Barbara was, though she did not show it, distinctly startled. She had never heard the man speak in that fashion, and his set face and vibrant voice were new to her. Indeed, she had now and then wondered whether he ever really let himself go. Still, she looked at him quietly, and, noticing the swollen veins on his forehead, and the glow in his eyes, decided it would not be advisable to admit that she attached much importance to what he had said. He was, she fancied, fit for any rashness just then.

"I suppose we, all of us, have moods of self-depreciation occasionally," she said. "Still, one would not have fancied that you were unduly morbid, and one part of that little speech was a trifle inexplicable."

Brooke laughed curiously, but the girl noticed that one of his lean, hard hands was closed as he looked down on her.

"There are times when one has to be one's self, and civilities don't seem to count," he said. "I am glad that I am going away, because if I stayed here I should lose the last shred of my self-respect. As a matter of fact, I have very little left, but that little is valuable, if only because it was you who gave it me."

"Still, one would signally fail to see how you could lose it here."

Brooke stood still, looking at her with signs of struggle, and, she could almost fancy, passion, in his set face; and then made a little gesture, which seemed to imply that he had borne enough.

"You will probably understand it all by and by," he said. "I can only ask you not to think too hardly of me when that happens."
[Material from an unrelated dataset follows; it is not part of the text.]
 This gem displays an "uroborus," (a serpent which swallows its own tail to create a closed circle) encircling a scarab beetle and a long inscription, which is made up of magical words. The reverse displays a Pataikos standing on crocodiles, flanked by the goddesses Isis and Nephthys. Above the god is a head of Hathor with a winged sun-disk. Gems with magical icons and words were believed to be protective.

Then, as one making a strenuous effort, he turned abruptly away, and Barbara, who let him go, went back to the room where her sister sat, very thoughtfully.
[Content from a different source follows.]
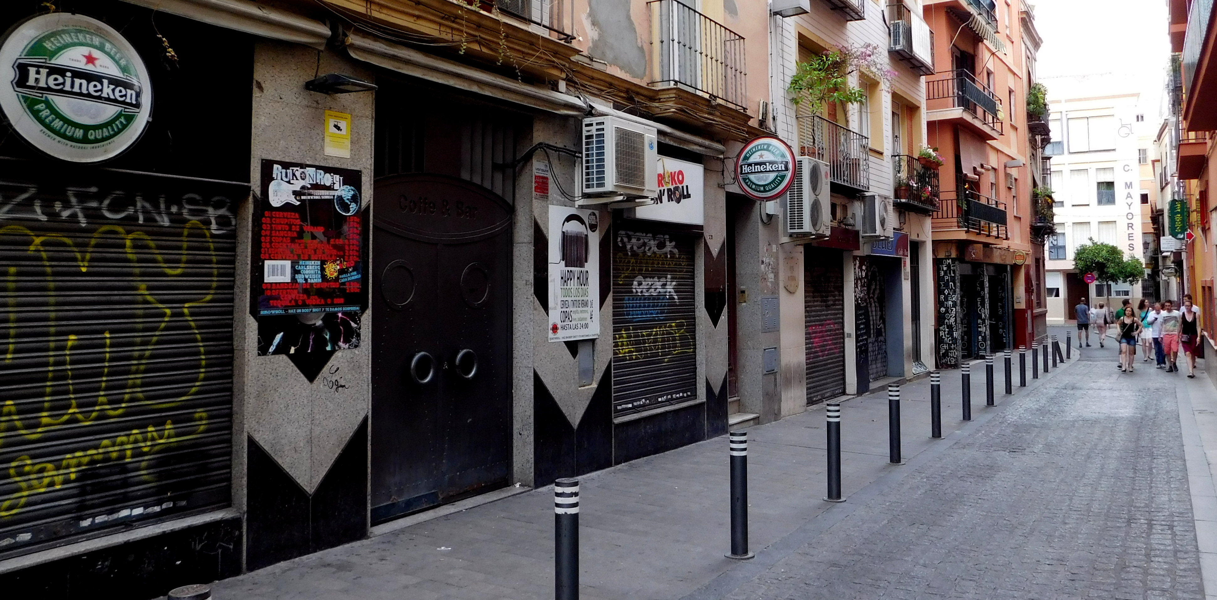 Street of the Alfalfa, Seville.

Brooke in the meanwhile swung savagely along the trail, beneath the shadowy pines, for he recognized, with a painful distinctness, that Barbara Heathcote's view of his conduct was by no means likely to coincide with Devine's, and he could picture her disgust and anger when the revelation came, while it was only now, when he would in all probability never meet her on the same terms again, he realized the intensity of his longing for the girl. He had also, he felt, succeeded in making himself ridiculous by a display of sentimentality that must have been incomprehensible to her, and though that appeared of no great importance relatively, it naturally did not tend to console him. When he reached his tent Jimmy stared at him.

"I guess you look kind of raised," he said. "Where's your hat?"